Usually a good surface prep on the runners is enough to keep atomization up. A little bit of temperature goes along ways as far as vaporization is concerned.
One part of the story on the single plane manifold that has not been shared until now is that when we dynoed the engine we also tried it on E85.
Using 8 O2 sensors we were surprised that it has slightly better fuel distribution than the dual plane. We did our initial testing with vp110 on both manifolds.
After we felt like we had the motor pretty well tuned up we switched carburetors and fuel over to E85. That's when the party started. The a/f ratio variation between cylinders opened up a bunch. It went from having 1.5 points of AF from all 8 cylinders to about 5 points of variation. Oh yeah 10.0:1 on the richest and 15.0:1 on the leanest.
If you look at the Y block magazine article in one of the color pictures you can see if you look real close the readings of all 8 cylinders and you can see the kind of spread I'm talking about.
We tried 3 different E85 carburetors that day. None of them matched the power or distribution of the gasoline. My belief was that the tin manifold could not hold enough heat to get the E85 to vaporize.. I feel if the manifold had a cast piece and had a rougher surface texture the story would be different.

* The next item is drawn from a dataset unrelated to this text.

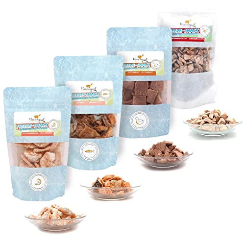 Snack Glacé pour Chats – Magret de Canard: 100% magret de canard Snack glacé pour chat – crevettes royales: 100% gambas Freeze Snack pour Chats – Filet de Saumon: 100% filet de saumon Friandises glacées pour chats – C?urs de poulet: 100% coeurs de poulet

On another topic having your fuel injectors or fuel delivery farther away from the valves is a better deal than getting them too close. I know its not what you see on your wife's new car out in the drive way, but what OEM's are trying to accomplish and what performance oriented people are trying to accomplish are very different. It does help solve fuel distribution issues and that is good, it also however makes them very camshaft and header sensitive, and that is bad, especially in a sequential firing mode. Many times the OEM's can get the injector firing to close to the exhaust valve closing and it really limits what you can do for camshaft. Header scavenging, a thing that performance engines rely on can become a detriment.
OEM's have also struggled with injector targeting hitting the cylinder wall, washing the cylinder down and killing the rings and piston skirts.